LB-013 - PHARMACOKINETIC EVALUATION OF A NATURAL HEMP EXTRACT-BASED COSMETIC PRODUCT AFTER TOPICAL AND ORAL ADMINISTRATIONS.

M. Jain¹, V. Yellepedi², J. Rower¹, J. Clifford¹, E. Enioutina¹; ¹University of Utah, UT, USA, ²The University of Utah, UT, USA.

Background: Hemp extracts (HE) containing cannabidiol (CBD) are used topically as cosmetic products and may be ingested as a dietary supplement. Some consumers report positive carboxy delta-9-tetrahydrocannabinol (COOH-THC) urinary tests following HE use. The present study investigated the systemic exposure of CBD, THC, and their metabolites following a single dose of oral or topical HE. We also tested whether the urinary samples of participants were THC-positive.

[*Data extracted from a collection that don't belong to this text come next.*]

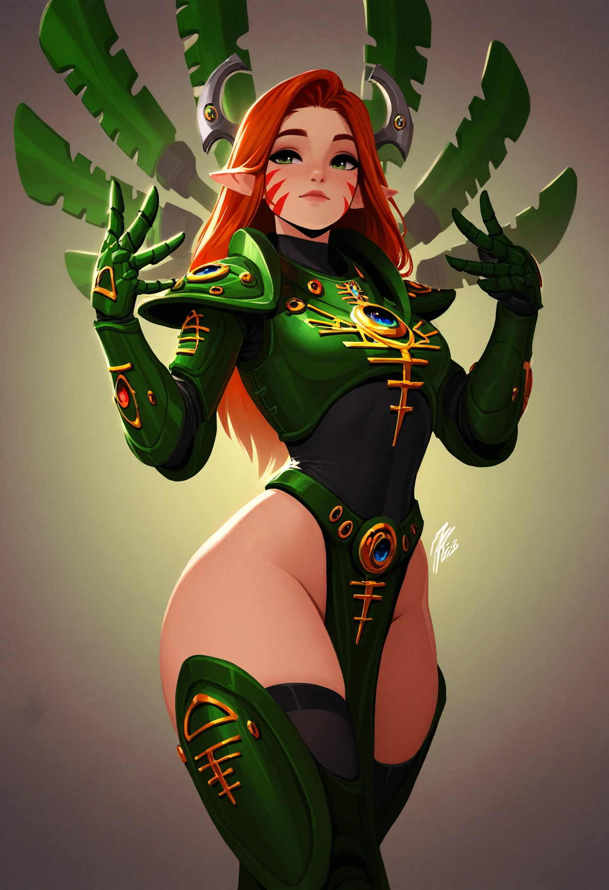 Character model based on all currently existing 52 images of Macha, an Eldar/Aeldari Farseer from Warhammer 40k videogame series Dawn of War. Most of it is the lovable goofball version we all know and love courtesy of lewdanon, but perfectly capable of doing a more seerious version too.
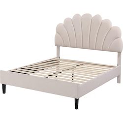 Lit double Manon avec tête de lit en forme de coquillage - Beige - 160 x 200 cm - Velours.
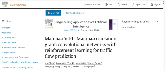 近日,我校智能工程学院陈艳老师为第一作者,贵阳信息科技学院为第一单位,在人工智能与工程应用领域国际权威期刊《Engineering Applications of Artificial Intelligence》(中科院一区top, IF:8)上发表题为《Mamba-CorRL: Mamba-correlation graph convolutional networks with reinforcement learning for traffic flow prediction》的学术论文,标志着我校在智能交通研究领域取得重要进展。
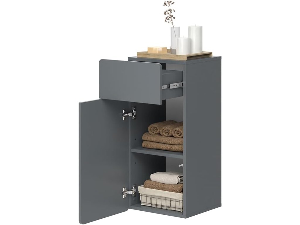 Stylová střední koupelnová skříňka Vicco Izan v šedé barvě nabízí praktické úložné řešení pro vaši koupelnu. Disponuje zásuvkou, otevřenou policí a skříňkou s dvířky, poskytující dostatek prostoru pro všechny vaše koupelnové potřeby. Díky svému univerzálnímu designu se snadno hodí do každé domácnosti. Rozměry skříňky jsou 36,6 cm (šířka) x 76,6 cm (výška) x 32,8 cm (hloubka). Vyrobeno z odolné dřevotřísky. Součástí balení je midi skříňka, montážní návod a potřebný montážní materiál.
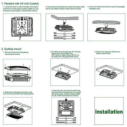 Hykolity 45W LED Canopy Light Commerical Grade Weatherproof Outdoor High Bay Balcony Carport Driveway Ceiling Light [175W-200W HID/HPS Equivalent] 4200lm 5000K DLC Qualified
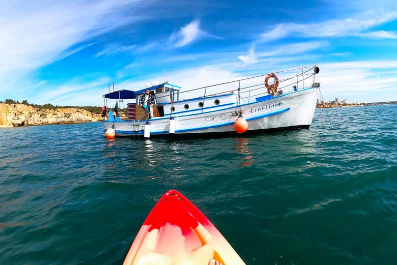 Após a travessia pela costa do Algarve de aproximadamente 50 minutos, chegaremos à zona da Praia João de Arens e da Praia do Va, duas das mais belas praias do sul de Portugal. Ao chegar a essas praias arenosas, desembarcaremos no Frontino para embarcar em um tour de caiaque ao redor dessas enseadas.
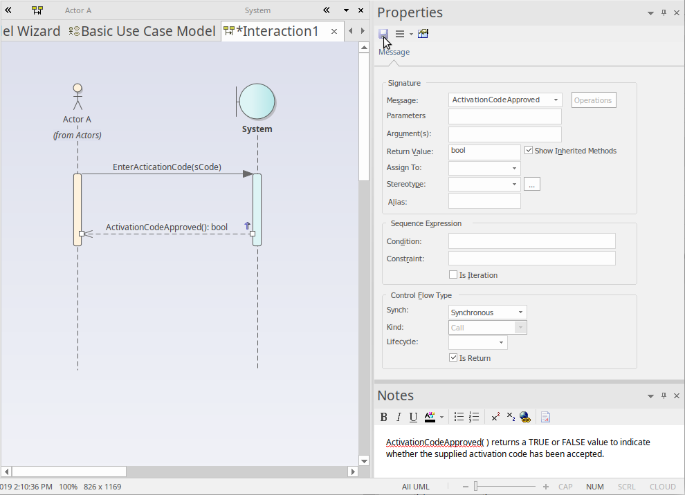 Now, click-and-hold on the Quicklink button, then drag across to the System Lifeline and release. This creates a new message in our model, between Actor A and System. Select the new message on the diagram and note that the Properties window updates to show the properties of the new connector, allowing you to edit the details. After entering a few details for the message and clicking the , your diagram workspace should resemble this image:
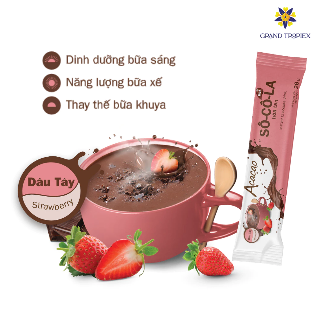 Acacao Strawberry Chocolate Drink Mix, Nutritional & Quick Energy Boost - 286g Box
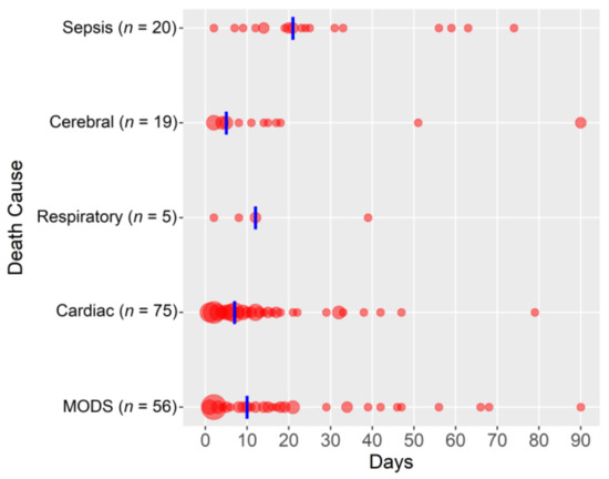 Causes of death (in-hospital mortality; circle size depends on the number of patients; the vertical blue line presents the median; n = 175, missing data: 4/453). Abbreviations: MODS, multiple organ dysfunction syndrome.
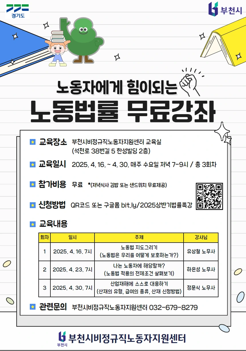 부천비정규직노동자지원센터에서 노동법률 무료강좌를 합니다.

Methods: Twenty healthy adult volunteers (average age 29 years, BMI 18-30) participated in a randomized, open-label, single-dose, crossover study. Participants received 200 mg of HE orally or topically with a 15-day washout between administrations. Plasma samples were collected and analyzed for CBD, THC, and their metabolites using a validated LC-MS/MS method. Several pharmacokinetic (PK) parameters were calculated, including maximum plasma concentration (Cmax) and area under the concentration-time curve (AUC0-24). Urine samples 24 h after doses were tested for COOH-THC using commercial test strips.

Results: All analytes, except for CBD and 7-OH-CBD, were below the limit of quantification (0.5 ng/mL) via LC-MS/MS. PK parameters of CBD and 7-OH-CBD following oral and topical HE administration are shown in Table 1. Compared to topical administration of CBD, Cmax was approximately 31 times higher, and AUC0-24 was 15 times greater (oral vs. topical, 281.0 vs. 19.0 h·ng/mL) following oral absorption. Urine samples were positive for COOH-THC in 35% of participants. It all occurred when an oral dose was administered after the topical dose washout period. The commercial test strips returned a negative test result when tested on analyte-free urine spiked with low or high concentrations of CBD/metabolites.

Conclusion: Oral administration of CBD led to greater systemic exposure. Topical administration shows limited absorption and systemic exposure, likely due to the slower CBD permeation through the skin. The absence of positive reaction to CBD/metabolites in controlled urine tests suggests that participants might have used hemp products between two HE administrations or that concomitant medications used by participants yielded false-positive results.